Historically, adding chapter markers to a podcast has been more trouble than it is worth for many podcasters. The ‘hassle factor’ is a legitimate concern. Producing a podcast can be a lot of work even without chapter markers, but that is beginning to change with the introduction of tools like Chapters, a new Mac utility from Thomas Pritchard that makes adding chapter markers a breeze.

I have been recording a podcast with Robb Lewis called Ruminate, about technology, pop culture, food and other topics, since last August. Longtime podcast fans, we are relative newcomers to creating our own show. Recording the show is fun, but editing can be a chore – just ask Robb, who does most of the production work. While we are always looking for ways to make the show better, we must balance that desire against the time and effort it takes to produce the show. Until now, we have not added chapter markers to Ruminate because the demand wasn’t sufficient to make it worth the extra work. However, with the help of Chapters, Robb added chapter markers to episode 12 of Ruminate in less than five minutes, easily making it worth the effort.

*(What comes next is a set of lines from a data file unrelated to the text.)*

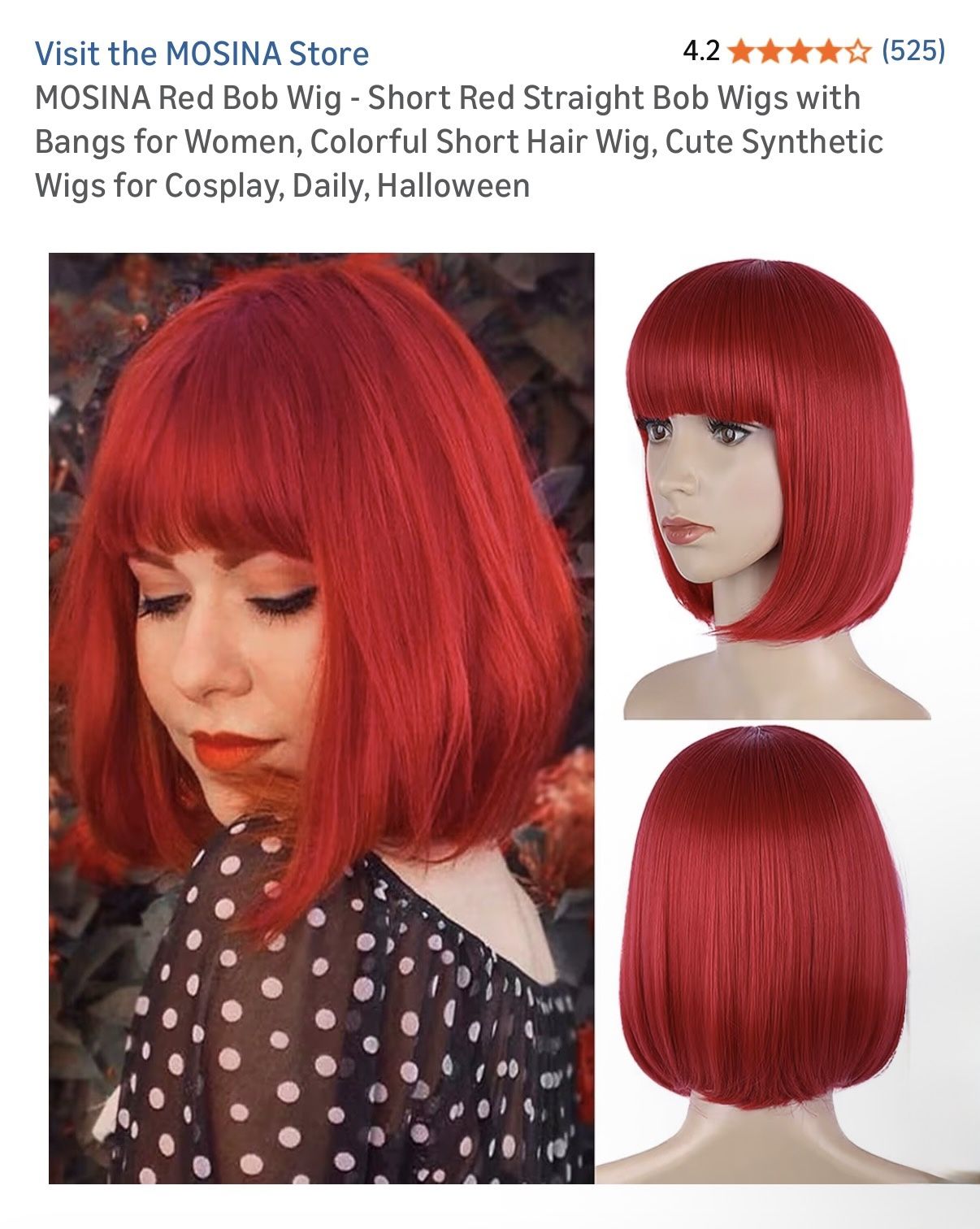 MOSINA Red Bob Wig - Short Red Straight Bob Wigs With Bangs For Women, Colorful Short Hair Wig, Cute Synthetic Wigs For Cosplay, Daily, Halloween 13
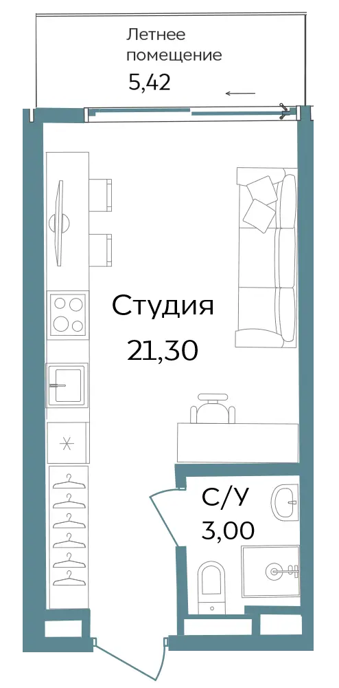 Студии и апартаменты с 1–3 комнатами в формате европланировок.
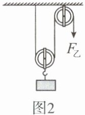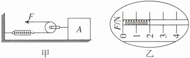 2. 如图甲所示,物体A在水平拉力F的作用下,以0.2m/s的速度在水平面上做匀速直线运动,此时弹簧测力计示数如图乙所示。若不计滑轮、弹簧测力计和绳的重力及绳与滑轮之间的摩擦,则下列说法不正确的是(
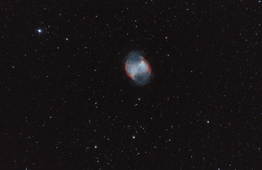 Un po' deluso, provo allora su M27, la planetaria più facile del cielo boreale. Riprovo con un test da 10 minuti a 1600ISO e qui fortunatamente un po' di segnale c'è. Faccio una breve sequenza di 15 scatti da 600s l'uno a 1600ISO con la Canon 5D e alla fine, riesco a estrarre qualcosa dal mostruoso rumore di fondo di ogni singola immagine.

Ruminate chapter markers as displayed by Overcast.

Ruminate chapter markers as displayed by Overcast.

When you first open Chapters, you are greeted with an Open dialog box. After your podcast file is open in Chapters, you can navigate to the point in the audio track where you want to add a chapter marker with an audio scrubber at the bottom of the window, or the forward and reverse buttons in the window’s toolbar. You can set the skip forward and back buttons to skip 5, 10, 15, 30, or 60 seconds at a time. Alternatively, you can use keyboard shortcuts to skip forward and back.1 You can also increase the playback speed to shorten the time it takes to listen for the points where you want to place markers. A nice touch is that if you already know the timestamps for your markers, you can type the timestamp into the fields provided in the righthand pane of the app without scrubbing to the location where you want to put the marker.

There are multiple ways to navigate your podcast track.

There are multiple ways to navigate your podcast track.

After you select a spot where you want to add a marker, click the ‘+’ button in the toolbar, or type Command (⌘)-N to create the marker, and edit the name of the chapter in the righthand pane – that’s all there is to it. If you want, you can also add URLs to the chapter titles that link to web sites so listeners can access supplementary material without scrolling though show notes.2 When you finish adding chapter markers, type Command (⌘)-S or click the export button in the toolbar to save your markers as ID3 tags that are embedded in your MP3 file.

Export your finished track.

Export your finished track.

Chapters works with podcasts encoded in the MP3 file format with version 2.3 or 2.4 ID3 tags only. If that sounds a little technical, that’s because it is. There is no single chapter marker standard for podcasting. ID3 tags are exclusive to MP3s. If you produce shows in a different file format, like AAC, Chapters is not for you.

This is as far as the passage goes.